I want to get about 3 early 90's f-350s coupled with dually/double axel 35 cub/yrd gooseneck dump trailers.


does anyone know about the ins to becoming a sub-contractor...or a contractor for that matter. i heard contractors get 14-16 $/yrd is this true?


all the searches i did brought up treework during hurricanes, but not really cleanup.


----------



## treeman82 (Jan 9, 2006)

I could be wrong on this topic, but a 35 yard dump trailer is going to be CDL material, in addition to the fact that you would need at LEAST a 10 wheeler to pull such a trailer.


----------



## Diesel JD (Jan 9, 2006)

Hey I have a good friend in the insurance business, maybe I will ask him, because I am kind of interested myself and you are the 2nd person to ask...so I'll post back what I find out if I remember to ask him. ANd it's by no means a gauarantee that we will get hit next year... so I would hate to stake my fortune to it...yet be ready...there is money to be made
J.D.


----------



## Diesel JD (Jan 9, 2006)

In Florida...your reg. driver license is good for up to 26,000lbs as per DOT regs. If this trailer will weigh more than that the F350 can pull it sure, but this is nota good or safe idea.


----------



## TreeJunkie (Jan 10, 2006)

try 25 cube that's about the extent of what you will be getting w/ a one ton truck.
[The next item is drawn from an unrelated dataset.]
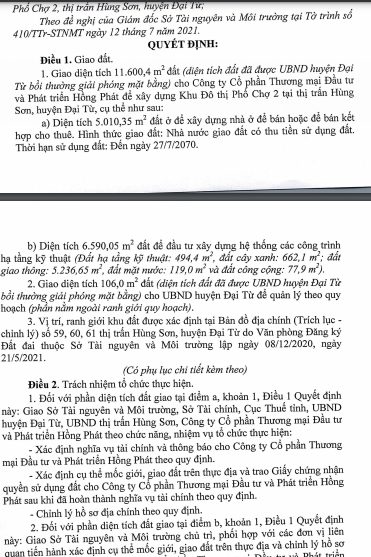 Theo quyết định mới ban hành, UBND tỉnh Thái Nguyên giao diện tích 11.600,4 m2 đất đã được UBND huyện Đại Từ bồi thường giải phóng mặt bằng cho CTCP Thương mại Đầu tư và Phát triển Hồng Phát để xây dựng Khu đô thị Phố Chợ 2 tại thị trấn Hùng Sơn, huyện Đại Từ.

I don't know what the main contractors make per yard. However i know that what all the subs this year w/ grapple trucks were making about 7 per yard. If you are going to have to have someone load your trailers then you should probobally only expect to be getting about 4 bucks per yard. 
My opinion is ditch the pickup and trailers and buy a grapple truck. One grapple will make you 5x what those trailers will. And you'll only need one driver.


----------



## vharrison2 (Jan 10, 2006)

1984 Noob,  welcome to the site. Hurricane Wilma hit here in Marathon, Fl pretty hard. The company that held the contract for clean up down here was Grubbs Emergency Service. They are out of Brooksville, FL. I am sure they could help you with the rates that are being paid per cub/yard.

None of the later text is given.